With 230 years of reserves, no nation more “energy independent” in coal than United States
The Grand Rapids Press recently reported that the Sierra Club filed a lawsuit over a permit issued to a coal plant in Holland, Mich. The lawsuit claims that the Michigan Department of Environmental Quality ignored state regulations when it approved the Holland plant’s air pollution permit. What the article didn’t mention was that the Sierra Club files lawsuits against every coal plant in the United States that is issued permits either to expand or build.
“They are very proud of this strategy,” said Carol Raulston, senior vice president for communications for the National Mining Association.
Ann Woiwode, director of the Michigan chapter of the Sierra Club, verified that her organization does file a lawsuit on every permit issued to a coal plant. She said that is part of a bigger strategy to oppose coal as an energy source.
“Yes, we are challenging permits when they are issued,” Woiwode said. “We are working to move away from coal. … We need to recognize that coal is a costly, dirty fuel.”
Lisa Camooso Miller, spokeswoman for the American Coalition for Clean Coal Electricity, said in an e-mail that she was disappointed the debate on clean energy has “reached this point.”
“The Sierra Club would prefer to lay the cost of debating the real issues at the feet of the taxpayers by burdening the courts with baseless lawsuits,” Miller said. “Clean coal technologies are being developed, and in some cases deployed, in many parts of the country — and the world. We don't have to sacrifice our economy for the environment. We can have both.”

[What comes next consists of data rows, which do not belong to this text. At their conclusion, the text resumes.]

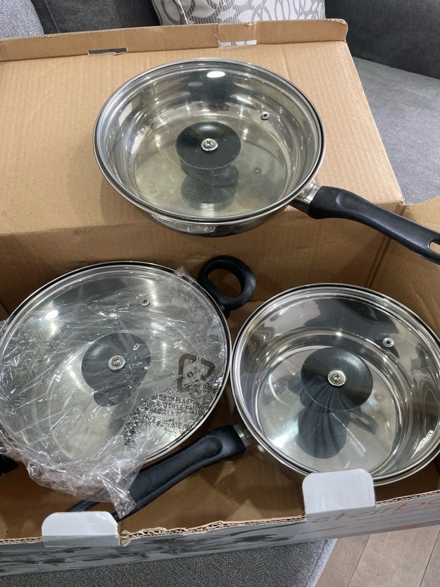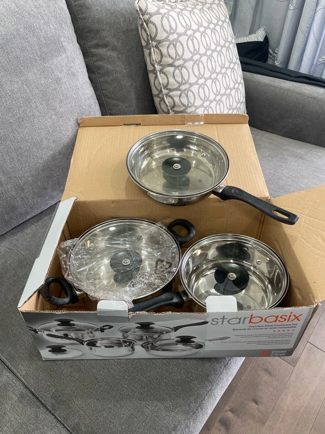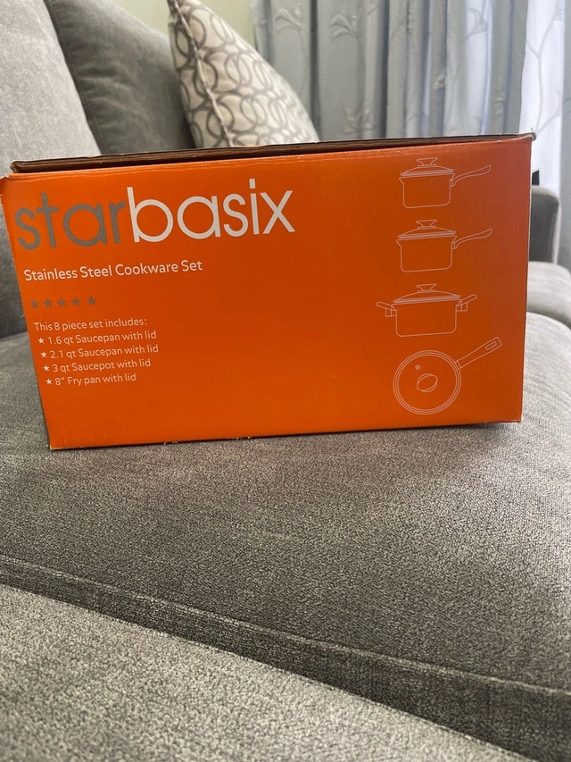 I'm selling a brand new Starbasix stainless steel 8-piece cookware set, complete with saucepans and a frying pan, all equipped with lids. This set is perfect for anyone looking to upgrade their kitchen essentials. * 1.6 qt Saucepan with lid * 2.1 qt Saucepan with lid * 3 qt Saucepot with lid * 8" Fry pan with lid
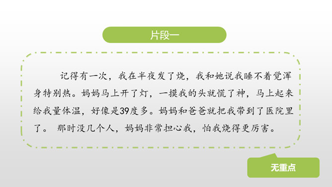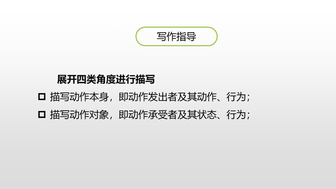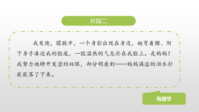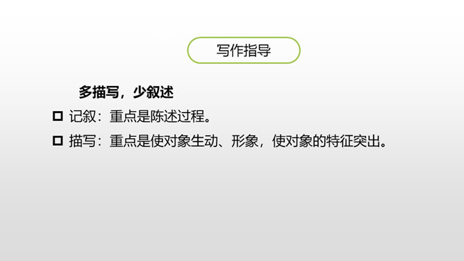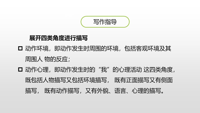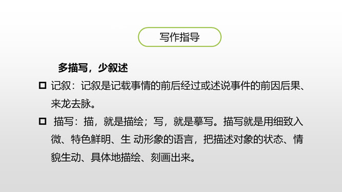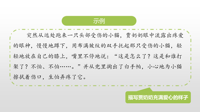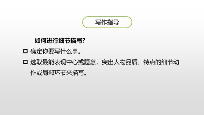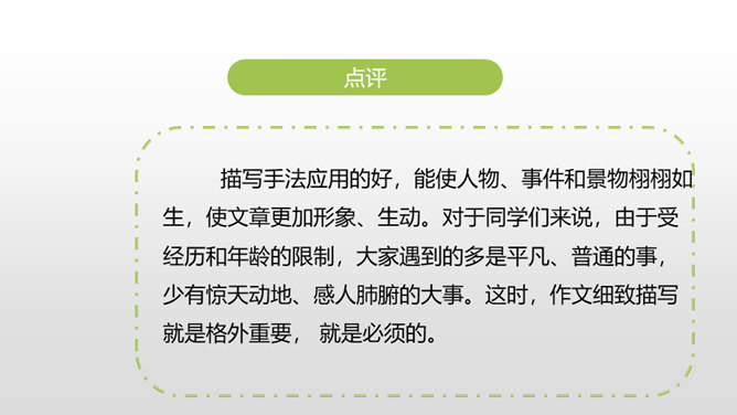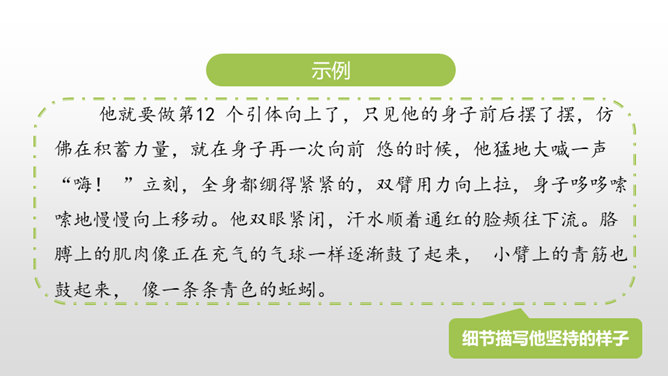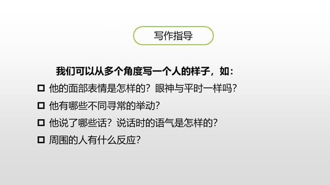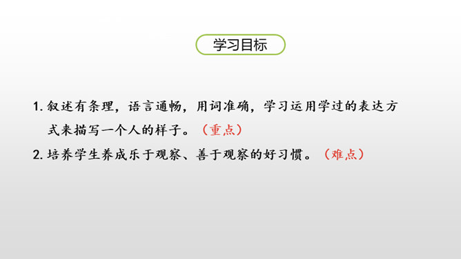1.叙述有条理,语言通畅,用词准确,学习运用学过的表达方式来描写一个人的样子。(重点)2.培养学生养成乐于观察、善于观察的好习惯。(难点)同学们,上节课通过讨论学习,我们知道了描写人物的各种样子。这节课,我们继续学习。描写手法应用的好,能使人物、事件和景物栩栩如生,使文章更加形象、生动。对于同学们来说,由于受经历和年龄的限制,大家遇到的多是平凡、普通的事,少有惊天动地、感人肺腑的大事。这时,作文细致描写就是格外重要, 就是必须的。所属专题:他陶醉了ppt。
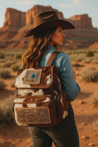 Western Genuine Leather cow hide backpack w/ tooling & concho
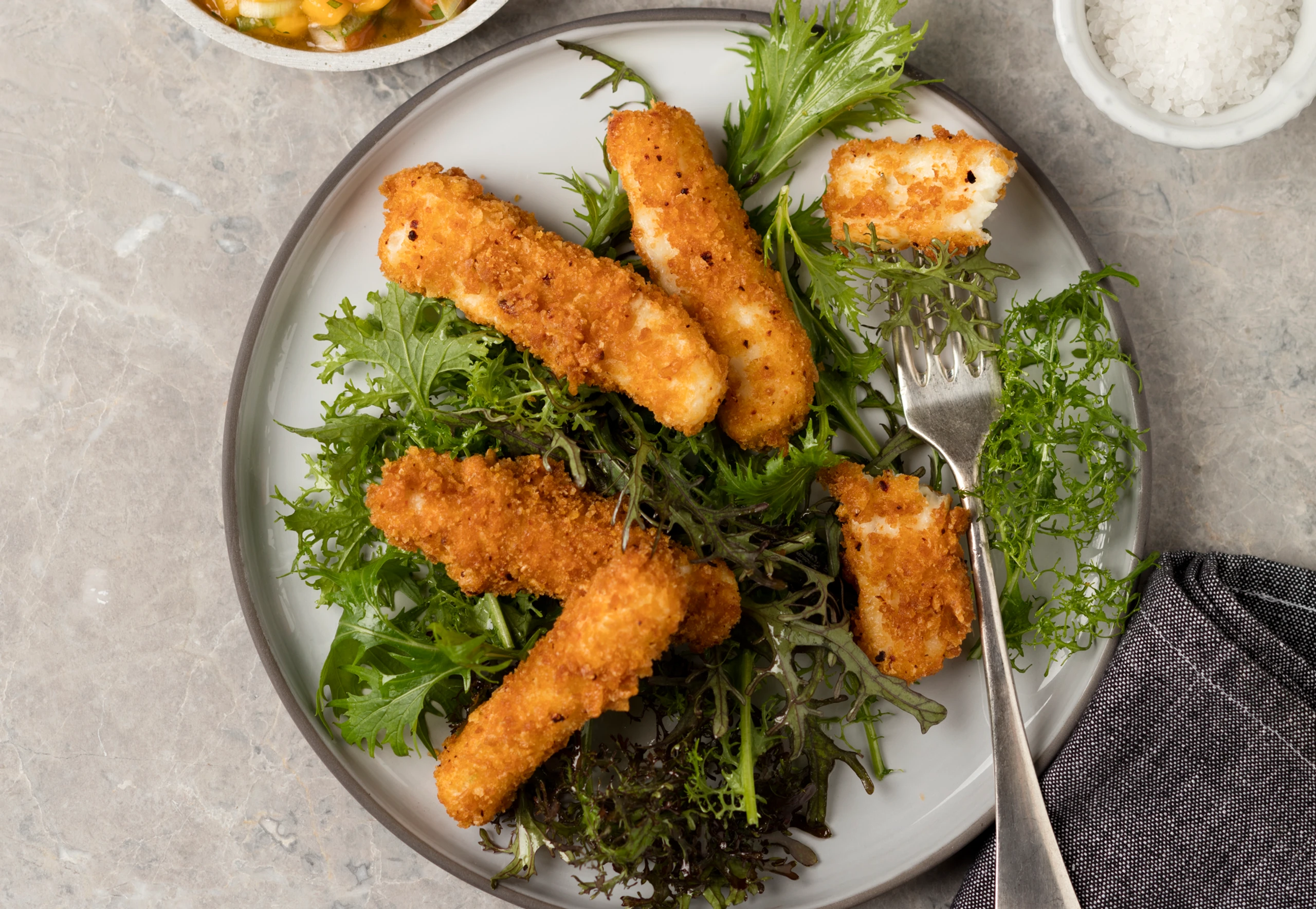 Halloumisticks mit Chili-Cornflakespanier und Asiasalat
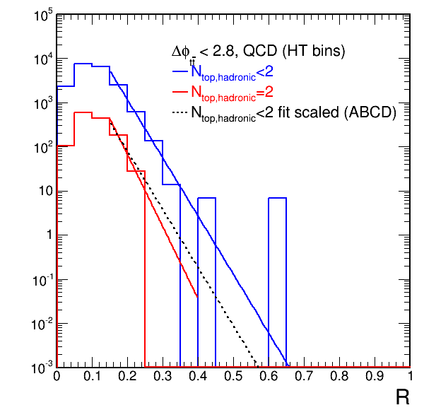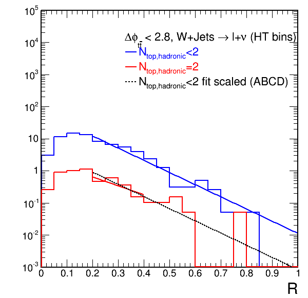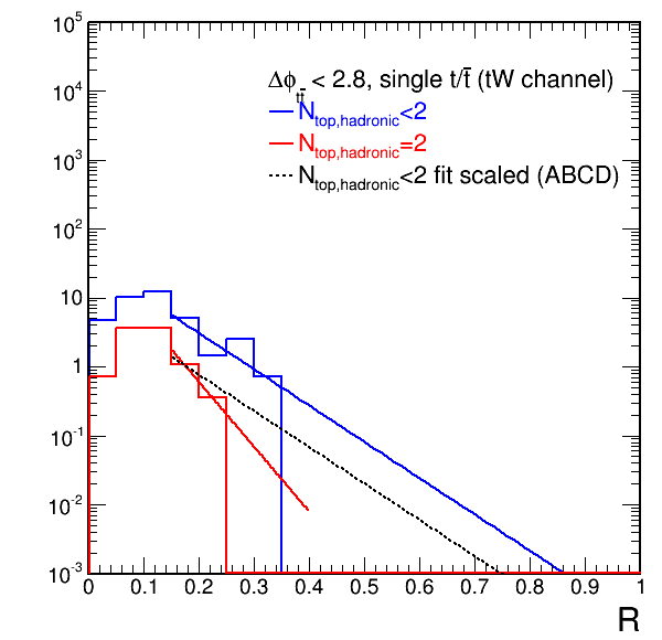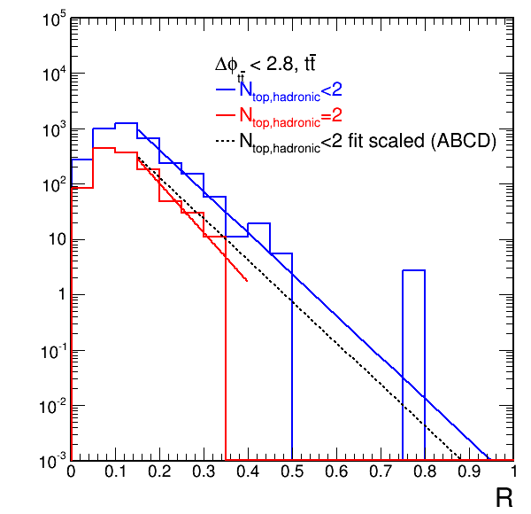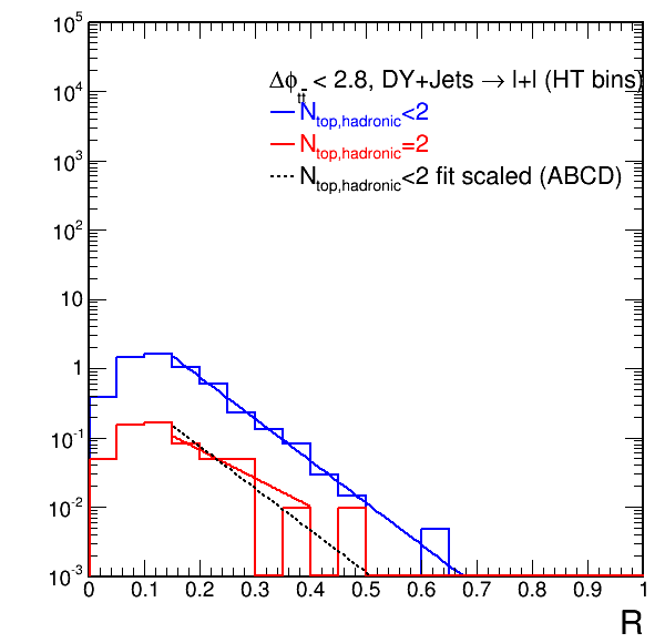 Plots - Extrapolation of R shape using an exponential fit in the NTop<2 SideBand

The Holland Board of Public Works, which operates the coal plant, didn’t respond to an e-mail seeking comment.
Michigan’s coal-burning power plants supplied 60 percent of the electricity used in the state, according to a Michigan Public Service Commission, Department of Labor and Economic Growth 2008 study.
The World Coal Association reports that coal accounts for 27 percent of the planet’s total energy usage and 41 percent of worldwide electricity generation.
The United States is home to the largest coal reserves on Earth, with 28.3 percent of the total, according to the U.S. Energy Information Administration. Russia and China are next with 18.6 percent and 13.6 percent, respectively. By comparison, Saudi Arabia commands the world’s largest reserve of oil with less than 20 percent of the global total, followed by Canada with 13.3 percent. The abundance of wealth in coal located in the United States has led CNBC television commentator Larry Kudlow to refer to the United States as the “Saudi Arabia of Coal” during his frequent calls for an “America First” energy policy.
At current usage rates, the EIA projects that the current known recoverable American coal reserves will provide energy for about 230 more years, or roughly as long as the United States has existed as a nation. The EIA expects usage rates to climb, which would trim the lifespan of known U.S. reserves to just over 140 years — longer than coal has currently been in use as a primary source of electricity generation, which began in 1881.
But the projections assume that no additional recoverable reserves will be discovered or be exploitable over these time periods.
Coal can also be converted to a liquid fuel for use in automobiles.